On the evening of April 17, the biblical character of Moses was put on trial for aiding and abetting the murder of the Egyptians’ firstborn sons. After nearly 90 minutes of arguments from the prosecution and defense, the audience, which served as jury, found him not guilty on both charges.

The trial, which took place at Cleveland-Marshall College of Law’s moot court room, was the fifth hosted by Kol HaLev, Cleveland’s Reconstructionist Jewish community.

Steven Dettelbach, a partner at BakerHostetler and former U.S. Attorney for the Northern District of Ohio, served as prosecutor during the mock trial. During his opening statements, Dettelbach said Moses was a willing accessory to murder by accepting and executing God’s plan for the Egyptians.

“The evidence will show that Moses actively, repetitively and yes, willingly, helped to make the mass murder of people that he knew were innocent and had nothing to do with what he was doing with pharaoh possible,” Dettelbach stated.

“No one and no act is above the law. Even a great man, even a legend, even Moses is not above the law, because to place one of our legends, one of our leaders above the law, makes him no better than the pharaoh against whom he struggled.”

Charna Sherman, president of Charna E. Sherman Law Offices in Cleveland, defended Moses.

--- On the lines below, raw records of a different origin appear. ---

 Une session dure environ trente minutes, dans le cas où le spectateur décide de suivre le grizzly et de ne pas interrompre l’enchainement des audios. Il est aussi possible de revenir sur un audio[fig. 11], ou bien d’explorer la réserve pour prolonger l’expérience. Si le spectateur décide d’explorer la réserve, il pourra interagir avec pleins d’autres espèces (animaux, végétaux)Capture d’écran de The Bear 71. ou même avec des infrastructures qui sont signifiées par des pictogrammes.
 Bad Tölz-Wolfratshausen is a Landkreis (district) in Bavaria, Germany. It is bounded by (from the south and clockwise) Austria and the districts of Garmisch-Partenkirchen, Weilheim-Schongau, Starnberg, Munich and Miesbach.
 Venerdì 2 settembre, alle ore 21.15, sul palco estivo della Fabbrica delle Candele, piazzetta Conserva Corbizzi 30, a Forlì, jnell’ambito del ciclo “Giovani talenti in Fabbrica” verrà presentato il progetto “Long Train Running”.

She argued during her opening statements that Moses didn’t have the specific intent to facilitate the commission of any crime. Rather, he wanted to rescue the Israeli slaves from slaughter.

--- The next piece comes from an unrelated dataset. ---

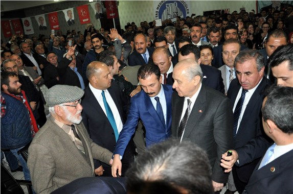 MHP’nin hayırlarının millet için hayırlı olduğunu kaydeden Bahçeli, şöyle konuştu: “Türkiye’nin bölünmesine evet diyorsanız biz hayır diyoruz. 17-25 Aralık hırsızlığa, yolsuzluğa evet diyorsanız, biz hayır diyoruz. Çözüm sürecine evet diyorsanız biz hayır diyoruz. Cumhurbaşkanının Çankaya Köşkü yerine kaçak sarayda oturmasına siz hayır diyorsanız biz evet diyoruz. Ama ille de kaçak sarayda oturacak diyorsanız biz hayır diyoruz. Bizim hayırlarımız milletimiz için hayırlı olandır. Tüm bunların altında yatan AK Parti’nin herhangi bir şart altında bir başka partiyle koalisyon kurup hükümet olması halinde kendilerinden bazı hesapların, bazı alınan kararların, yolsuzlukların hesabı sorulacak, yüzleşilecek korkusudur. Bu korku Recep Tayyip Erdoğan’ı sardığı için seçim yapmayın da ne yaparsanız yapın, tekrar milletin huzuruna gidelim 400 milletvekili isteriz, tek başımıza iktidar oluruz hevesidir. Türkiye bu yönüyle kilitlenmiştir. Çıkış yolu millet iradesi olmuştur. 1 Kasım’da, kilitlenen Türkiye’yi millet iradesi açacak. Önümüzdeki günlerin önemi buradan geliyor 1 Kasım seçimleri bu yönüyle önemlidir. Birinci görevimiz sandığa gitmektir. İkinci görevimiz oyumuzu mutlaka ve mutlaka gönlünden geçen partiye rahatlıkla verebileceği güvenliğin sağlanmasıdır. Üçüncü görevimiz Türkiye’nin bu genel gidişatına karşı MHP’nin duruşunu, kararlılığını, samimiyetini ülke yönetimine yönlendirebilecek siyasi başarının elde edilmesidir. Tek başına iktidar olmayı hedefliyoruz. Bu hedefimizden vazgeçmeyeceğiz. Bu hedefe hiçbir parti ulaşamaz ise kaygılanma aziz milletim, 4 şartı kim kabul ediyorsa HDP dışında hükümet olmaya, elimizi taşın altına, gövdemizi taşın altına koymaya hazırız. 1 Kasım seçimleri inşallah hayırlara vesile olur. MHP de koalisyon kurma şartlarına da hazır haldedir. Ve bunu da başarmak mecburiyetindeyiz.”

“God is the sole actor and the initiator of events precisely to demonstrate his greatness over the idols and rulers of Egypt … Moses is simply the messenger, or as our sages refer to him, as a divine messenger prophet. He took no credit for the words nor left anyone with the impression that that was the case,” Sherman said.

During her arguments, Sherman noted that the Exodus story isn’t subject to just one interpretation, and that the Egyptians and the pharaoh were given nine warnings before the use of any lethal force. She also highlighted the fact that Moses was terrified when God revealed himself to him, and questioned if the audience wouldn’t respond in the same way Moses had if they were faced with God’s presence.

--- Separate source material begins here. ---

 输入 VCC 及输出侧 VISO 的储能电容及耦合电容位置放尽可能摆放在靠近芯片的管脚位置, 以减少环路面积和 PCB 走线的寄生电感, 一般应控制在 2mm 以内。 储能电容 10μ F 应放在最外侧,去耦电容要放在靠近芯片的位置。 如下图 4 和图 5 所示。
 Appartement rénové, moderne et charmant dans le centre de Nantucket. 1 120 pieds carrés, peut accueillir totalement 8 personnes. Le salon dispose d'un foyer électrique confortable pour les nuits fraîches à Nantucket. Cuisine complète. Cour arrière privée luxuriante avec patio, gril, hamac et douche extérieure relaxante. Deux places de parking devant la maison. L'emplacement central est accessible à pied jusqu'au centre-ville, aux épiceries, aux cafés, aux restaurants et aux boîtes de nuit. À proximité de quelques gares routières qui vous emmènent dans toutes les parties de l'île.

Dettelbach countered by arguing that Moses wasn’t just a passive messenger, and instead chose his own actions. He also brought up the issue of whether the means justified the end and the notion of people killing in God’s name.

“Thousands of people are in danger in our community today and around the world because of people who kill in God’s name, who kill because in their minds their means justify their ends. … Who are we to say to the terrorists or the Nazis or anyone else then that killing in their god’s name isn’t OK? That only killing in our God’s name is OK? We can’t have that. That’s why we have the rule of the law,” Dettelbach said.

After arguments from both sides were heard, audience members cast their ballots. Moses was found not guilty on the charge of murder and not guilty on the charge of aiding and abetting.

Following the mock trial, a brief interfaith panel discussion took place. Natalie Kertes Weaver, associate dean of graduate studies and professor of religious studies at Ursuline College in Pepper Pike, Pastor Richard M. Gibson of Elizabeth Baptist Church in Cleveland, an adjunct law professor at Case Western Reserve University School of Law in Cleveland and co-chair of the Greater Cleveland Congregations, and Rabbi Nancy Fuchs Kreimer, director of the department of multifaith studies and initiatives and an associate professor of religious studies at the Reconstructionist Rabbinical College in Philadelphia, discussed the moral ambiguity found within the Book of Exodus.

Weaver said she views Moses as a sympathetic character, but questioned whether he had the option of telling God “no.” She also views Exodus as a cautionary tale, and said people need to look at the story with moral scrutiny.

For Gibson, he said the mock trial was less about deciding whether or not Moses was guilty and more about debating the underlying issues within the story. He said the Exodus story still resonates with people today who are crying to be free, and noted that there’s often a disconnect between lessons from the past and issues within the community today.

Kreimer said there is a divide over the story of Exodus and the issue of collateral damage. While she doesn’t believe Moses is guilty, she said she thinks the Exodus story and the celebration of Passover make believers wonder who paid the price.

“Even God can’t save the Israelites without killing the Egyptians,” Kreimer said. “This is the tragic reality of our world and time in history. Infinite joy is mingled with sorrow and all parts of this story have to be recognized.”

The Cleveland Jewish News was a media sponsor of the event.